24 Haziran 2020 Çarşamba

BİR DAHA İŞİN DÜŞMEYECEKSE ADAĞINI YERİNE GETİRME!

Hintliler, Sultan Mahmud'a karşı büyük bir ordu düzmüşlerdi. Padişahın buna canı sıkıldı, rahatsız oldu. Padişah o gün bir adakta bulundu:Eğer bu orduya karşı zafer kazanırsam, buradan elde edeceğim tüm ganimetleri fakirlere dağıtacağım"
Müslümanlar, zorlu mücadeleden sonra savaşı kazandılar. Çok fazla ganimet ele geçti. Ganimetlerin bir kısmı bile yüzlerce alimin hesaplayamayacağı kadar çok ve değerli idi. Adamlarından birini çağırdı:Bu ganimetleri yoksullara ulaştır. Çünkü savaştan önce ben Allah'a adakta bulundum ve ahdime vefa etmem gerekir.
Herkes "Bu kadar mal ve altın bir avuç dünyadan habersiz yoksula nasıl verilir. Askerlere ver ki düşmana karşı daha çok kin beslesinler.
Padişahın kafası karıştı ganimetleri dağıtıp dağıtmamak hususunda tereddüde düştü.
Ebul Hüseyn denilen çok zeki ve cesur bir meczup vardı. Askerlerin arasında onu gördü. Meczubu yanıma çağırıp ona sorayım, meczup garazsız bir şekilde içinden geçeni söyler diye düşündü.
Meczup huzuruna geldi olayı kendisine söyledi. Meczup padişaha dedi ki:"Artık işin iki altına kalmış. Eğer bir daha Allah'a işin düşmeyecekse merak etme, sen altını düşün.
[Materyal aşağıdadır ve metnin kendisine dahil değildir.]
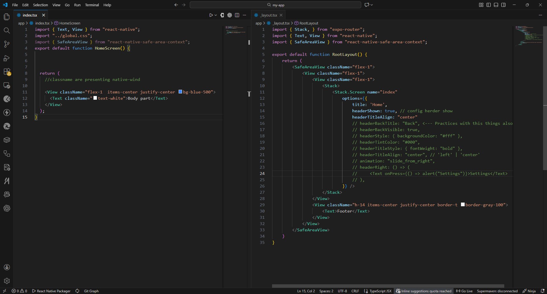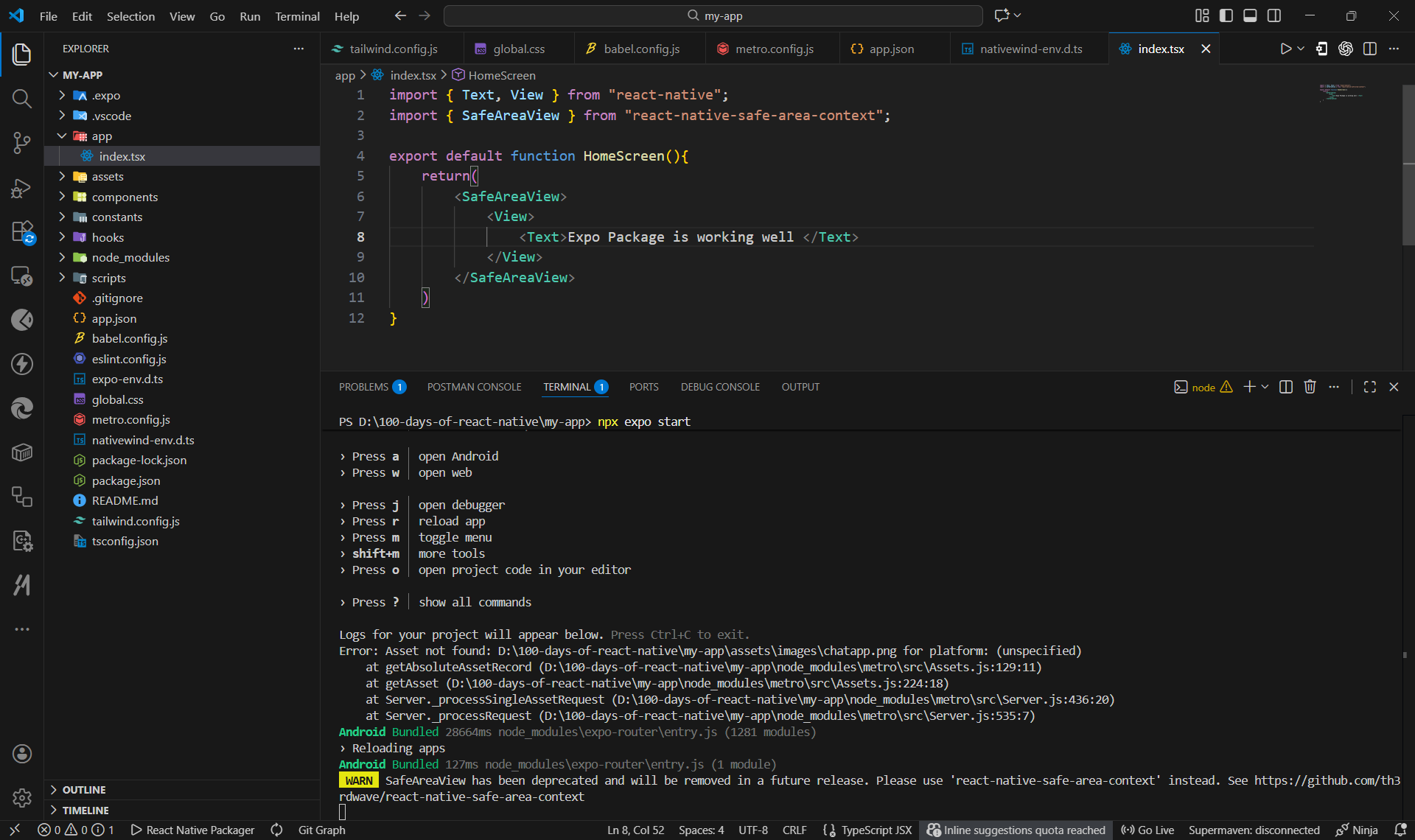 Harikara Prasadh @HarikaraPrasadh · Dec 12, 2025 Day 1: Install React Native / Expo, run first app #100DaysOfCode #codegold #reactnativetutorial #AppDevelopment Step 1: (Create project) npx create-expo-app@latest my-first-rn-app 1 2 636
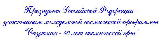 Приветствую участников первой в истории международной молодежной программы "Спутник – 40 лет космической эры", выполненной школьниками России и Франции.
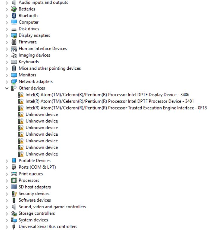 Ich bin ein Stückchen weiter. Ich konnte eins von den unbekannten System Devices installieren und nun habe ich Sound, Touch geht und die Batterie wird angezeigt. Aber nun sind wieder neue Geräte aufgetaucht die unbekannt sind.
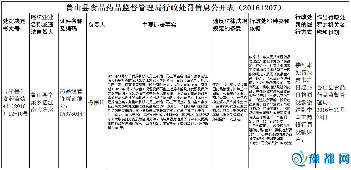 《鲁山县食品药品监督管理局行政处罚信息公开表(20161207)》由河南新闻网-豫都网提供,转载请注明出处:http://pds.yuduxx.com/lushan/518438.html,谢谢合作!
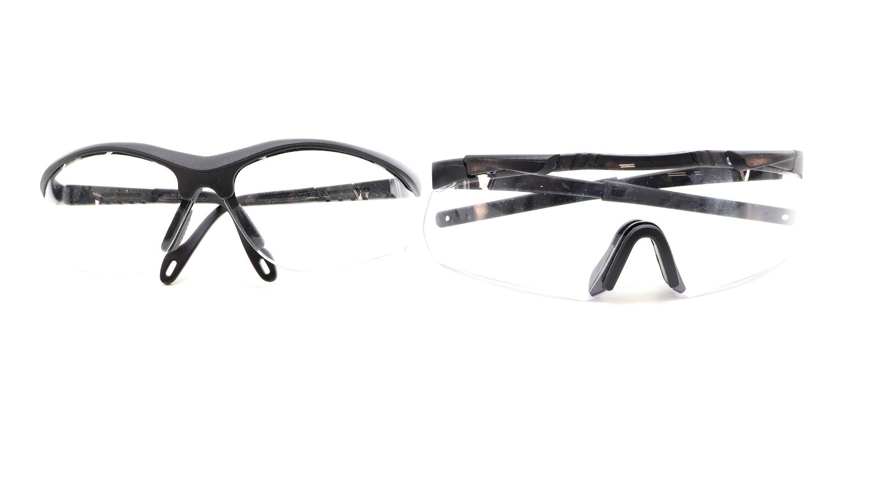 LOT INCLUDES; (1) EARMOR OVER-THE-EAR ELECTRONIC HEARING PROTECTION, BLACK, UNTESTED & (2) SETS OF SAFETY GLASSES, ONE SET WITH CASE. SEE PHOTOS.
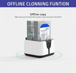 Docken tilbyder automatiseret datakloning enten via USB eller i offline-tilstand. Sæt blot diskene i de relevante porte, tænd for strømmen, og start kloningsprocessen med ét tryk på COPY-knappen.
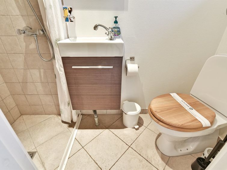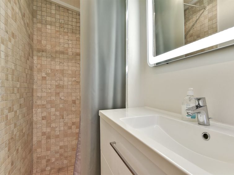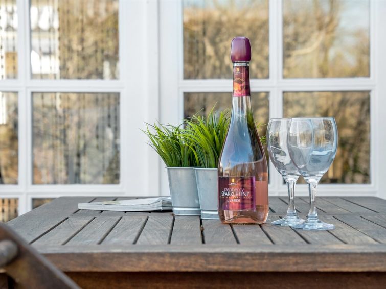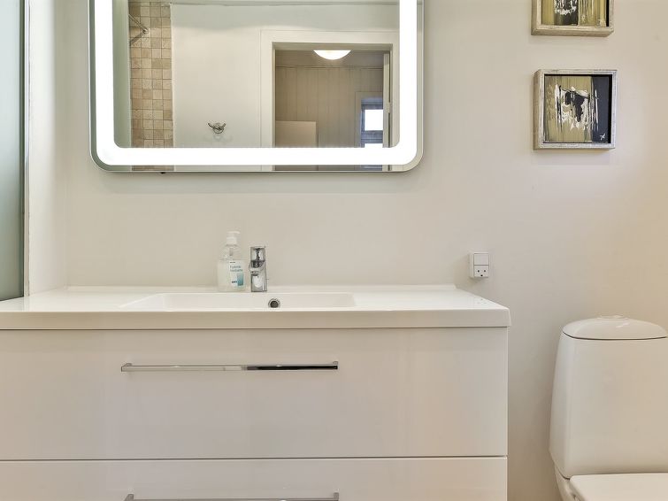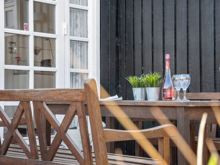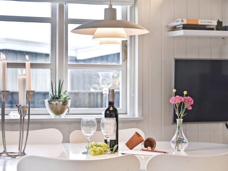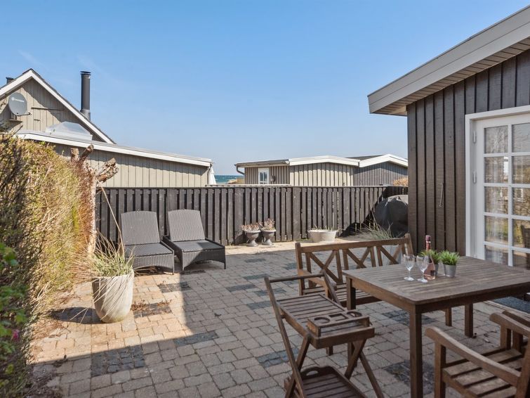 Enmannsbolig, bygget i 2002. 20 m fra sjøen. Fellesbruk: hage. Privat: tomt 150 m2, velholdt hage (inngjerdet). Terrasse (30 m2). I huset: vaskemaskin, tørketrommel. Daglivarehandel 5 km. Golfbane 10 km. Eieren godtar ikke noen ungdomsgrupper.
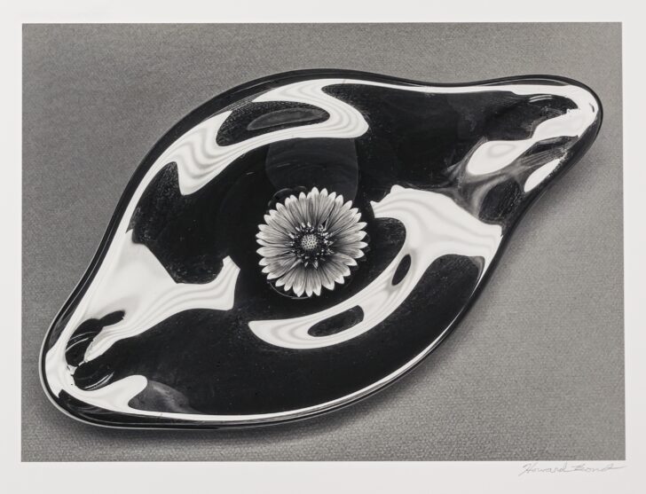 A dark but highly-polished dish holds the head of a single stemless flower.
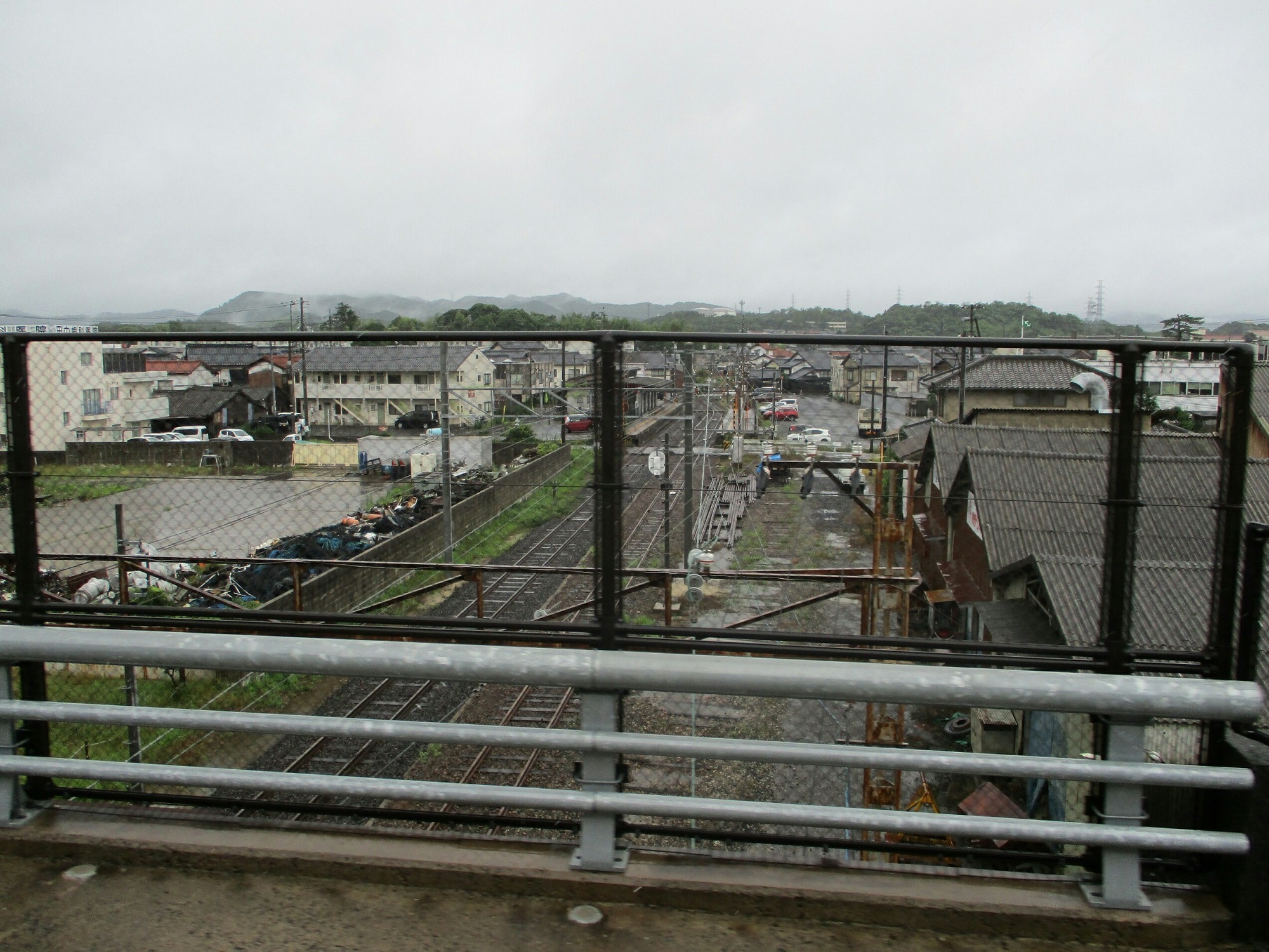 バスは出雲市の市街地にはいる。いや、ぞんがいに活気のあるまちだ。道路ぞいに、郊外がたのみせやら事業所やらがいっぱいある。山陰の小都市ってまっとひなびたまちかっておもっとった。みちをひだりにおれてみなみにすすんだとこで、高架の線路にあたる。てまえに一畑線北松江線の高架と、ほのむこうに山陰線の高架。いやいや、鉄道まで高架になっとるとは、またまたおどろきだ。
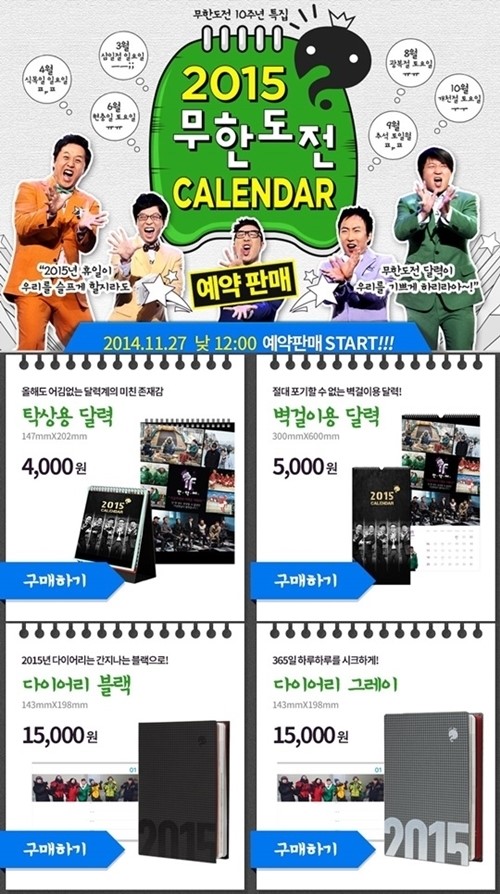 이번 연말에 역시나 무한도전 달력과 다이어리도 나왔던데!
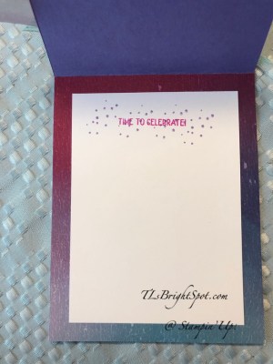 For the inside I took another panel of the Artistry Blooms DSP and adhered it to the card base with liquid glue. I took another panel of Whisper White and stamped the ‘confetti’ in Highland Heather ink and the sentiment in Melon Mambo. Both are from the Hooray to You stamp set. This was adhered to the inside with liquid glue and the card was complete. As I said, not my usual kind of card but it will be perfect for the person it is intended.
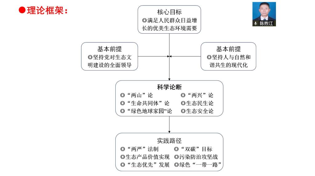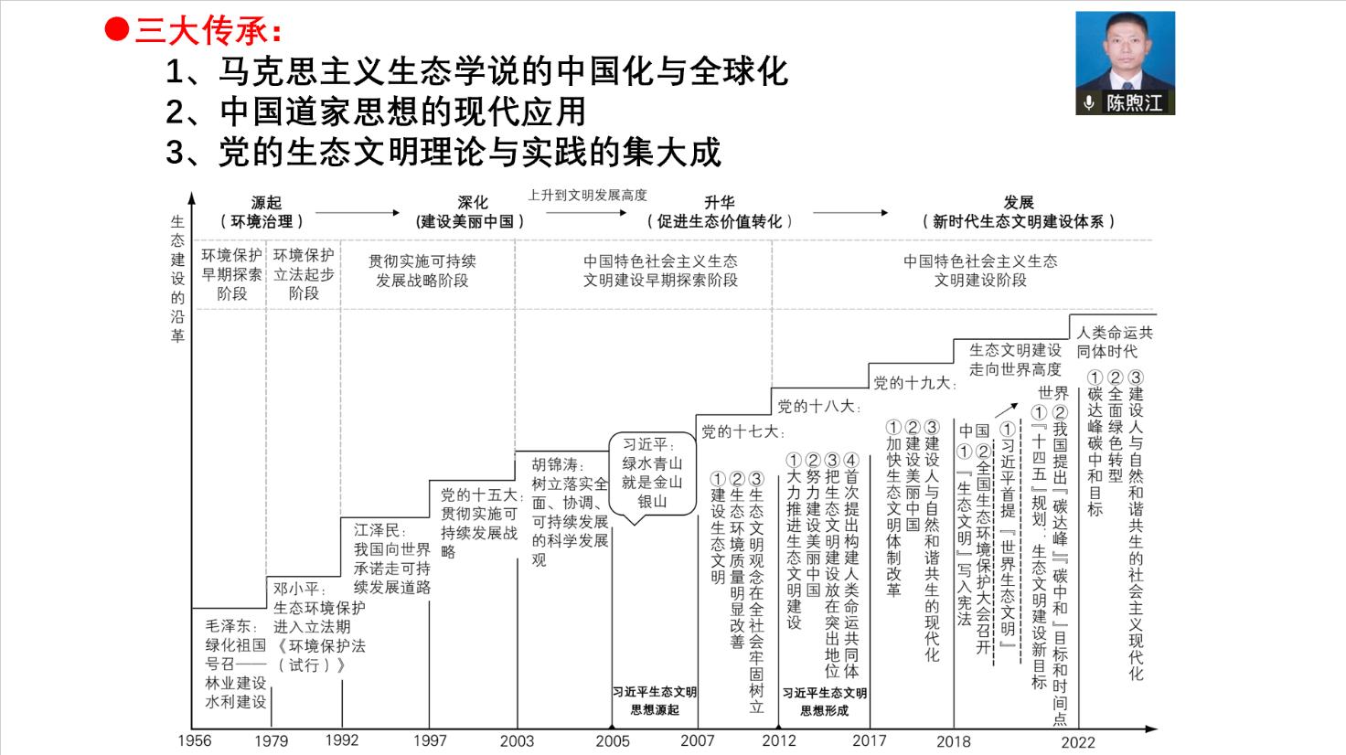 在活动的第二个环节,由陈煦江领学“习近平在首个全国生态日到来之际作出的重要指示精神”。陈煦江对习近平生态文明思想的形成历史、三大传承、三大超越与理论框架进行了学理性解读。习总书记是生态环境保护工作的积极倡导者和践行者,他在不同地方工作期间都高度重视生态环境工作。习总书记的生态文明思想形成历史可以追溯到他作为知青的岁月和从事地方政府工作的经历。他的思想传承了马克思主义生态学说的中国化与全球化,运用了中国道家思想,并将党的生态文明理论与实践进行了综合提升。习总书记的思想超越了西方的“深绿”思潮、“浅绿”思潮和“红绿”思潮,形成了独特的生态文明理论框架。
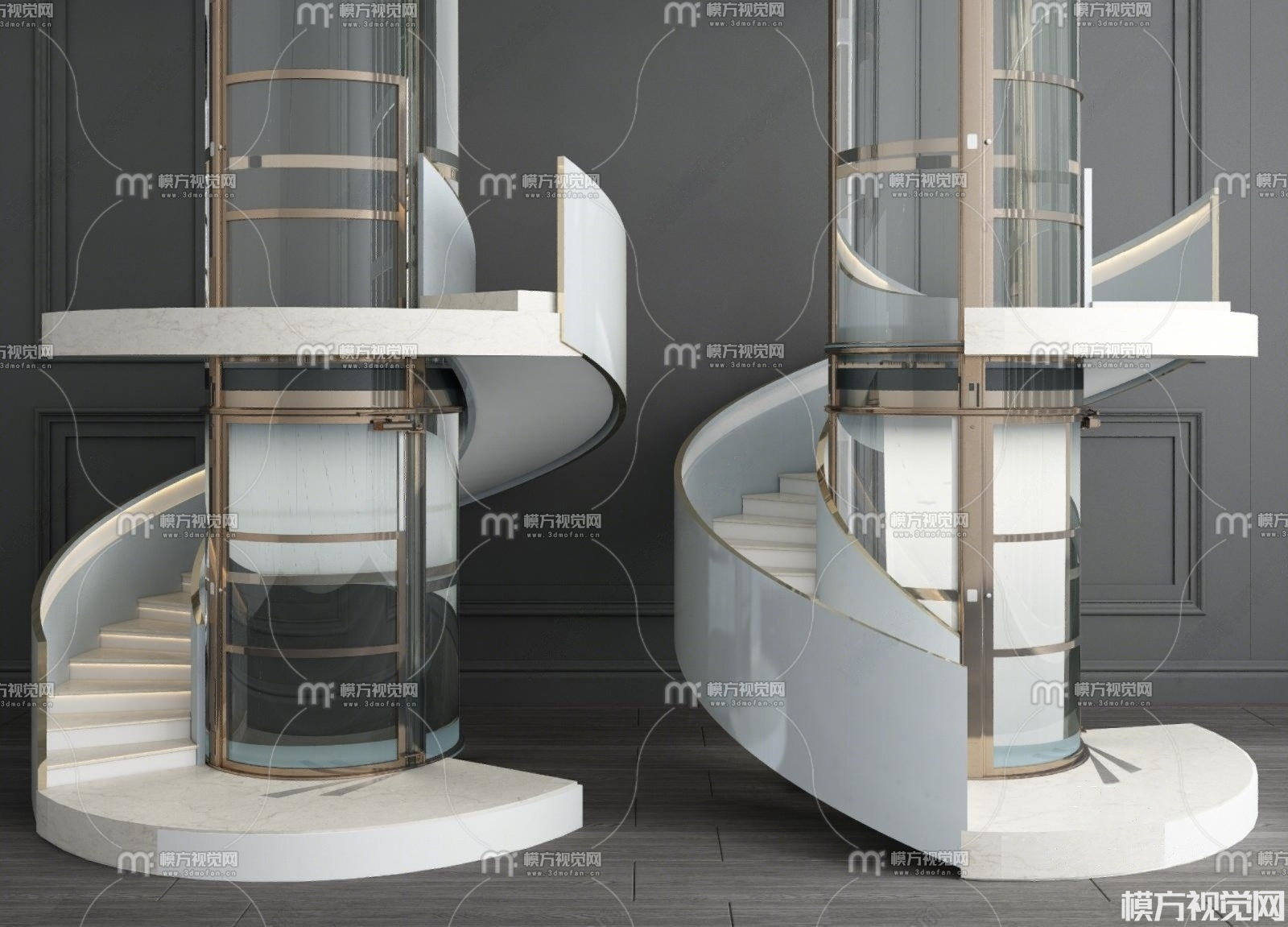 现代旋转楼梯 电梯3D模型(ID:0024451)
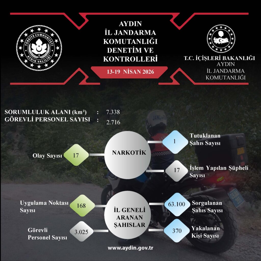 Aydın İl Emniyet Müdürlüğü ve İl Jandarma Komutanlığı ekipleri, 13-19 Nisan 2026 tarihleri arasında il genelinde yürüttükleri kapsamlı denetim ve kontrollerin bilançosunu kamuoyuyla paylaştı. Şehrin huzur ve güvenliği için aralıksız sürdürülen çalışmalarda asayişten narkotiğe, kaçakçılıktan aranan şahıslara kadar geniş bir yelpazede önemli sonuçlar elde edildi.
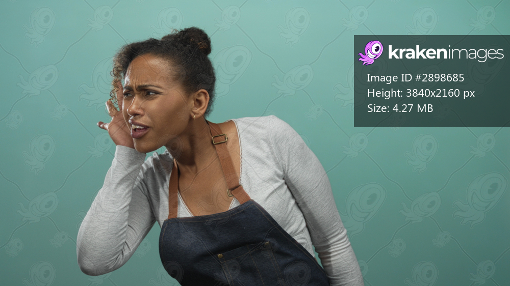 Woman cupping ear with hand and leaning forward wearing denim apron in teal studio; curiosity listening.
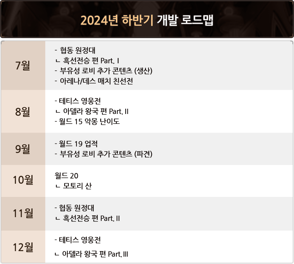 - 예정된 콘텐츠 사이클 외, 악몽과 단편집 등 스토리 콘텐츠도 꾸준히 업데이트될 예정입니다.
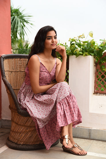 This strappy dress is an expression of untold stories of Indian flora. A lounge wear that can be worn in any casual setting with a relaxed yet dainty look, the dress can also be worn as maternity wear.

Yok eğer zamanı gelirde bir daha ona işin düşerse, utan ve iki altını ondan esirgeme. Hak Tela sana yardım etti, zafer kazanmanı sağladı. O üstüne düşeni yerine getirdi. Sen neden yerine getirmiyorsun?"
Sultan Mahmud rahatladı ve altınların dağıtılmasını emretti.